Autistic children will show a deficit in social learning such that they don't engage in those reciprocal moments with their caregiver...that is, they tend not to be inclined to share their joys with others or to make eye contact and recognize the emotions of people around them. It must be difficult for the parents of autistic children in that they don't receive loving, reciprocal feedback from the child. It can come with practice and learning, but those parents are initially fueled by love for a being they've created; filled with dedication but pained by the dearth of connection.
So it is with my rats, sometimes. They were lab rats (an amusing choice for a psych major, I thought) and weren't socialized well as pups. Getting them used to me has felt like a chore much of the time, and I've felt guilty for that. You get angry at them. Like when one hides under a dresser for a full twelve hours until you have to force it out by prodding it with whatever object you can find.

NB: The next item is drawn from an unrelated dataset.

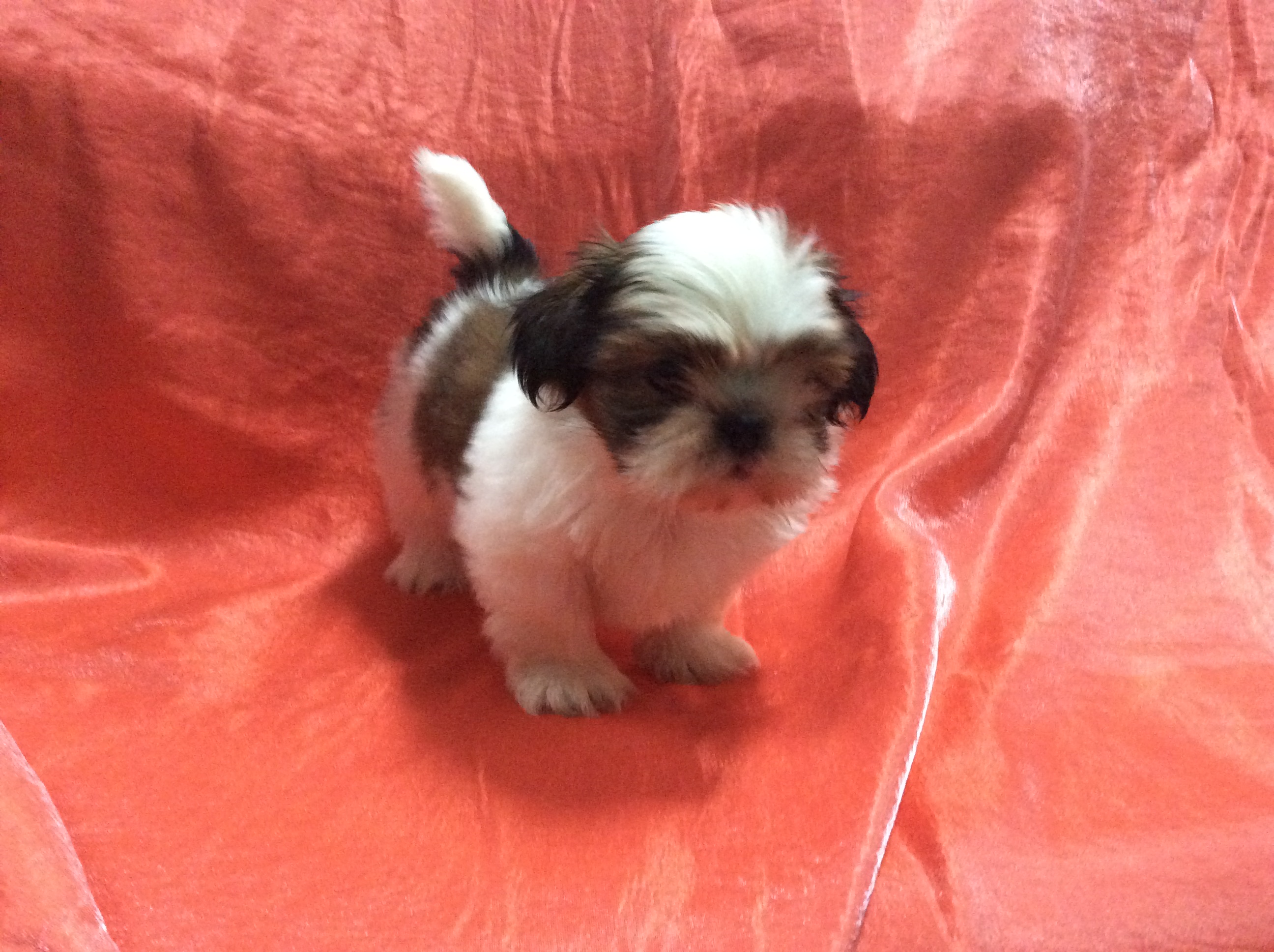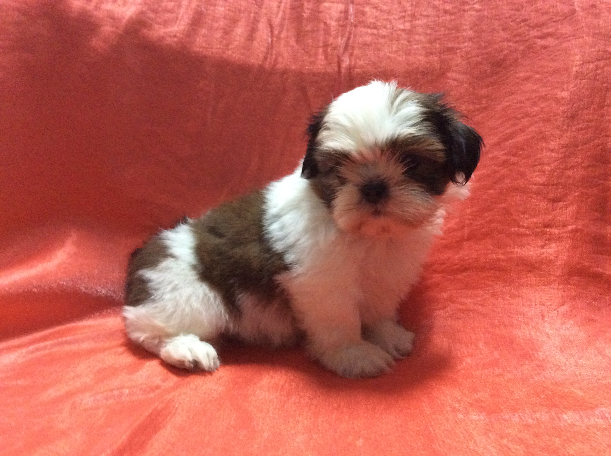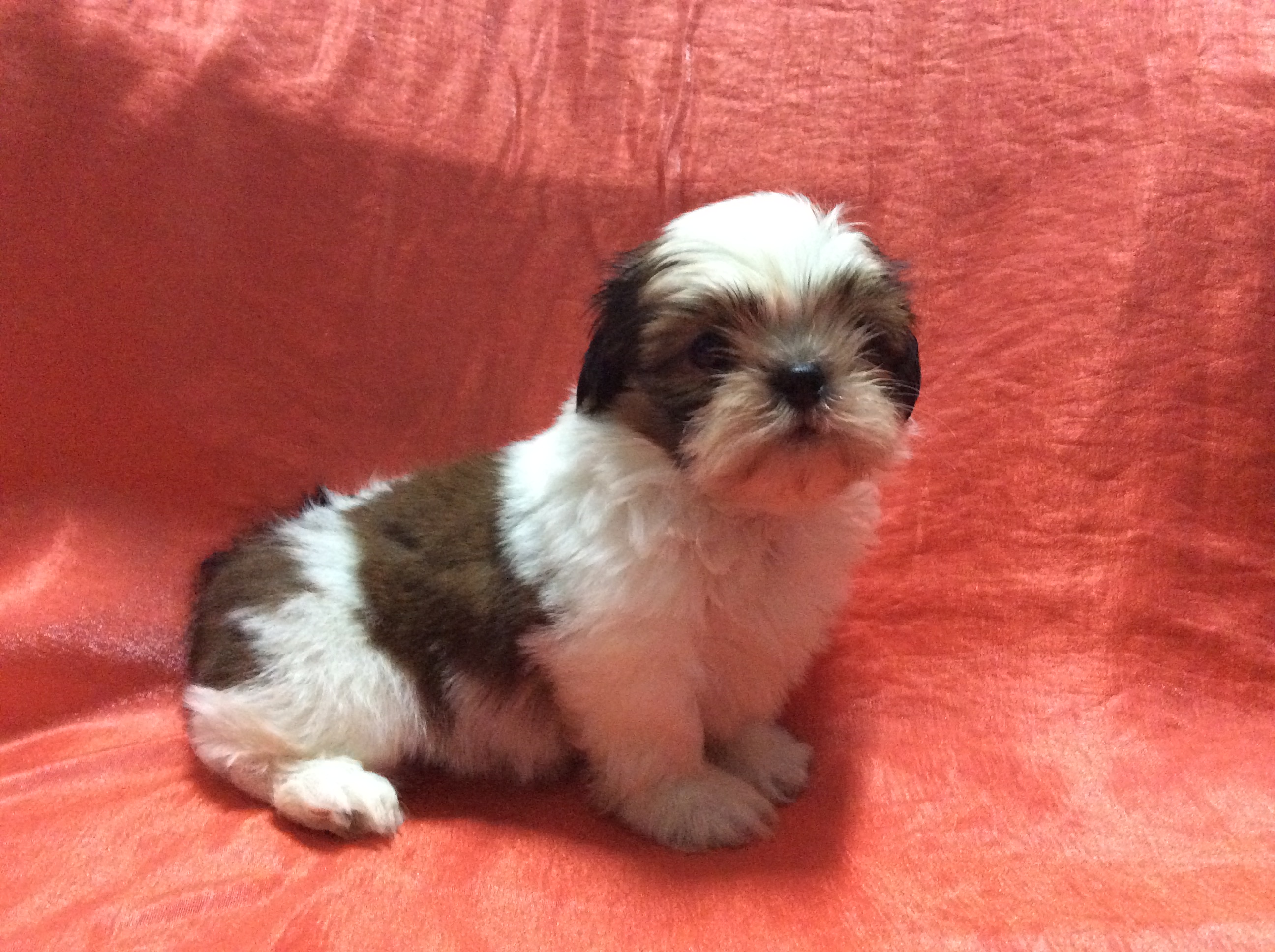 ไซส์S (ไซส์ทอยส์ โตสุดไม่เกิน5.5กก.) หน้าบี้แบน ปลายหู จมูก ปากดำ. หางยาวปลายขาว. สามตอน มาร์คกิ้งสวยๆตรงตามตำราชิสุห์ ตากลมหวาน ตัวอ้วนกลมทานเก่งมาก สุขภาพดีมาก แข็งแรงมาก สดใส ขี้เล่น

Since autism is a spectral disorder, different levels of functioning and different areas of impairment manifest for each child. The literature strongly suggests that initial levels of impairment play a large role in how much progress can be made. From the beginning, it was clear that Finkle was a more curious and adventurous rat. Einhorn (aptly named, with its linguistic approximation to Eeyore) tended to be less active and more fearful. Finkle has made a lot more progress since October 30th when I first got them, and frankly, I'm not sure I have the patience to do the things that will push Einhorn toward comfort. An active person like myself has difficultly sitting in one place, hands still as winter trees, waiting for a rodent's natural curiosity to override its fear. We're talking up to an hour of loving persistence when I have homework to do and finals to study for. Add to that the depressive's fear that when I slow down, I stop.
And yet, they're my beautifuls. They're my obligation and my annoying reason for taking action each day. Those tiny paws...they rest on your index finger while they survey the array of thoughtfully chosen munchables arranged in your hand. They let you see their faces while they scan the terrain for danger, heads weaving side to side like they've developed some kind of neurological disorder. Fuck the rats. And they're mine. And they reject me. And I'm their world now.